First, we import the necessary packages, and view a summary of the data.

In [1]:
import numpy as np
import pandas as pd
import matplotlib.pyplot as plt
import seaborn as sns
%matplotlib inline

In [2]:
import warnings
warnings.filterwarnings(action = 'ignore')
# ignoring warnings, to make the results simpler to read

In [3]:
new = pd.read_excel('Data1.xlsx', sheet_name = 'Table1 - Assessments')

In [4]:
new.set_index('Patient No. (ID)', inplace=True)

In [5]:
from sklearn.model_selection import train_test_split
X = new.drop(columns=['Output'])
y = new.Output
X_train, X_test, y_train, y_test = train_test_split(X, y, test_size=0.2, random_state=12)

In [6]:
def label_encoder(y):
    if y == 'Easy':
        return 1
    if y == 'Medium':
        return 2
    if y == 'Hard':
        return 3
y_train = y_train.apply(label_encoder)
y_test = y_test.apply(label_encoder)

In [7]:
X_train.sample(5)

Unnamed: 0_level_0,Average Shoulder abduction,Average Shoulder flexion,Average Elbow flexion,Total time taken
Patient No. (ID),Unnamed: 1_level_1,Unnamed: 2_level_1,Unnamed: 3_level_1,Unnamed: 4_level_1
40,97,74,83,101
12,56,55,57,121
53,122,91,92,94
56,125,94,94,93
65,134,101,97,89


In [8]:
y_train.sample(5)

Patient No. (ID)
22    1
54    3
21    1
7     1
28    2
Name: Output, dtype: int64

## Bagging

Bagging consists of making random samples of the dataset with replacement, and training a weak learner on each. A strong learner is then used, that is a combination of these weak learners. We firstly make a simple attempt at bagging, by applying Scikit-learn's BaggingClassifier() to the eight classification models seen in table 1.

In [9]:
from sklearn.model_selection import cross_val_score
from sklearn.ensemble import RandomForestClassifier, BaggingClassifier
from xgboost import XGBClassifier
from sklearn.metrics import mean_absolute_error
from sklearn.model_selection import GridSearchCV
from sklearn.svm import SVC
from sklearn.tree import DecisionTreeClassifier
from sklearn.naive_bayes import GaussianNB
from sklearn.neighbors import KNeighborsClassifier
from sklearn.discriminant_analysis import LinearDiscriminantAnalysis
from sklearn.linear_model import LogisticRegression

In [10]:
classifiers = [SVC(), LogisticRegression(), LinearDiscriminantAnalysis(), KNeighborsClassifier(), 
               DecisionTreeClassifier(), GaussianNB(), RandomForestClassifier(), XGBClassifier()]
names = ['SVC', 'Logistic Regression', 'LDA', 'KNN', 'Decision Tree', 'GaussianNB', 'Random Forest', 'XGBoost']
for i, classifier in enumerate(classifiers):
    first_score = cross_val_score(classifier, X_train, y_train, cv=5)
    bagging_classifier = BaggingClassifier(classifier)
    bagging_score = cross_val_score(bagging_classifier, X_train, y_train, cv=5)
    print(f'First accuracy for {names[i]}: mean: {first_score.mean()}, std: {first_score.std()}')
    print(f'Bagging accuracy for {names[i]}: mean: {bagging_score.mean()}, std: {bagging_score.std()}')

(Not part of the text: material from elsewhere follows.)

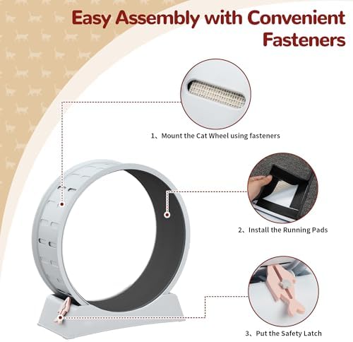 - 【Easy Assembly with Manual】: With snap-on installation, the cat treadmill is super easy to set up without any tools. A cat teaser is added for you to train your furry friend to use this exercise wheel easily. Overall size: 27.6"L x 13.4"W x 34"H.

First accuracy for SVC: mean: 0.861888111888112, std: 0.12449603909768377
Bagging accuracy for SVC: mean: 0.8452214452214453, std: 0.10957483861906214
First accuracy for Logistic Regression: mean: 0.9636363636363636, std: 0.07272727272727271
Bagging accuracy for Logistic Regression: mean: 0.9636363636363636, std: 0.07272727272727271
First accuracy for LDA: mean: 0.9469696969696969, std: 0.0720294807515437
Bagging accuracy for LDA: mean: 0.9469696969696969, std: 0.0720294807515437
First accuracy for KNN: mean: 0.9469696969696969, std: 0.0720294807515437
Bagging accuracy for KNN: mean: 0.9469696969696969, std: 0.0720294807515437
First accuracy for Decision Tree: mean: 0.9818181818181818, std: 0.036363636363636376
Bagging accuracy for Decision Tree: mean: 0.9818181818181818, std: 0.036363636363636376
First accuracy for GaussianNB: mean: 0.9636363636363636, std: 0.07272727272727271
Bagging accuracy for GaussianNB: mean: 0.9636363636363636, std: 0.07272727272727271
First accuracy for Random

As we can see, however, the accuracy scores remained relatively consistent. Indeed, the bagging accuracy only increased for XGBoost. The standard deviation also remained relatively consistent.

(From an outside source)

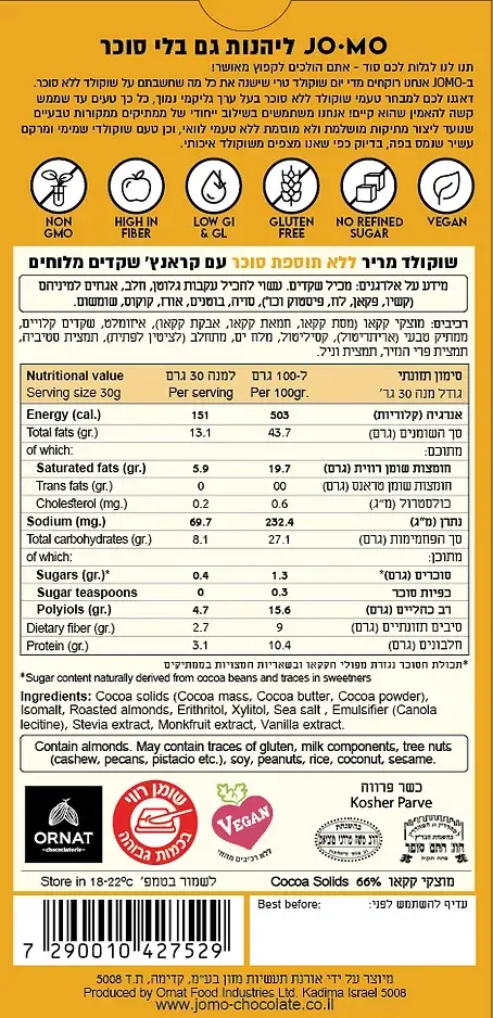 ג’ומו שוקולד מריר ללא תוספת סוכר עם קראנץ שקדים מלוחים

We now employ Scikit-learn's VotingClassifier(), which produces an ensemble of the eight other classifications (weak learners) by taking a 'vote' of the eight for their classification, and selecting the output that has a majority. That is, given an input, if five of the classifiers output Easy, the Ensemble classifier will choose the classification Easy, because it is selected by a majority of weak learners. We create this strong learner, called Ensemble, and compare it to the performance of the individual weak learners.

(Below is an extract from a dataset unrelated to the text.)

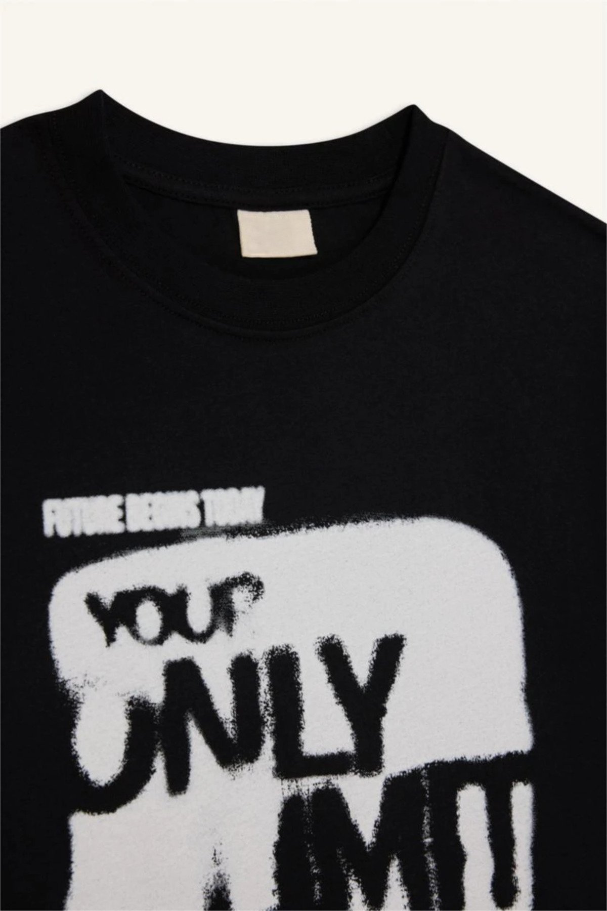 Baskının estetik gücü, yazıların spray boya dokusunu taklit eden bulanık ve serbest akışlı üslubuyla ortaya çıkıyor. Beyaz zemin üzerinde siyah harflerin yarattığı iç kontrast, t-shirt’ün siyah zemininde de ayrı bir derinlik katmanı oluşturuyor. Sokak sanatından ilham alan bu tipografi yaklaşımı, çocuk giyim trendlerinde gençlerin en çok benimsediği grafik anlatım biçimlerinden biri. Büyük ölçekli ve merkeze odaklanan baskı, ürünü karşıdan bile anında fark ettiriyor.

Note that these weak learners have default hyperparameters, not optimised hyperparameters seen in the Table1 notebook. This is why the accuracy scores for the individual classification models are not 100%. This provides strong evidence that the hyperparameter optimisation used in Table1 and Table2 notebooks was working, and hence was a crucial step in optimally training each of the models.

In [11]:
from sklearn.ensemble import VotingClassifier
voting = VotingClassifier(estimators = [(names[i], classifiers[i]) for i in range (8)], voting='hard')
classifiers2 = [SVC(), LogisticRegression(), LinearDiscriminantAnalysis(), KNeighborsClassifier(), 
               DecisionTreeClassifier(), GaussianNB(), RandomForestClassifier(), XGBClassifier(), voting]
names2 = ['SVC', 'Logistic Regression', 'LDA', 'KNN', 'Decision Tree', 'GaussianNB', 'Random Forest', 'XGBoost', 'Ensemble']
for i, classifier in enumerate(classifiers2):
    bagging_score2 = cross_val_score(classifier, X_train, y_train, cv=5)
    print(f'Accuracy for {names2[i]}: mean: {bagging_score2.mean()}, std: {bagging_score2.std()}')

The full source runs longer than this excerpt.